Один из присяжных спросил ее, как бы она рассуждала, если бы он спас ее собственного ребенка. Если бы она жила там, рядом с детским садом в Энчёпинге.
У нее не было детей.
Но ей хватило ума понять, что в таком случае она бы, наверное, испытывала другие чувства.
Она не знала. И ушла от ответа.
Здание суда уже совсем близко.
Одновременно дождь припустил еще сильнее. Крупные капли быстро образовывали огромные лужи. Гроза.
Она остановилась. Одежда промокла до нитки.
Вода, бегущая по щекам, по шее, успокаивала, придавала храбрости, ей достанет сил провести обсуждение, где она постарается повлиять на остальных участников процесса, чтобы единогласно приговорить скорбящего отца к пожизненному тюремному заключению.

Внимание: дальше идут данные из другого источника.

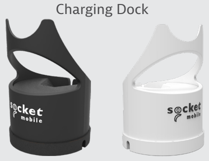
Ideal as a desktop charger

На улице шел дождь. Он стоял у зарешеченного окна, высматривая источник раздражающего, трескучего звука. Полуоторванный, болтающийся кусок железного подоконника. Он видел его, металл медного цвета, видел стучащие по нему капли, это причиняло боль, что-то рвалось в нем всякий раз, когда металл дребезжал. Лег на койку — грязный потолок, голые стены, запертая дверь с закрытым окошком, — пробовал зажмуриться, отключиться, но в последние дни спал так много, что уже не мог уйти в сновидения, нельзя столько спать.
В СИЗО он сидел уже без малого три недели.
Охранники смеялись, когда он жаловался, говорили, что в Швеции чуть ли не самые долгие в мире сроки предварительного заключения, к тому же по его делу уже шло разбирательство.
Некоторые сидели месяцами, едва ли не годами в ожидании судебного процесса и приговора.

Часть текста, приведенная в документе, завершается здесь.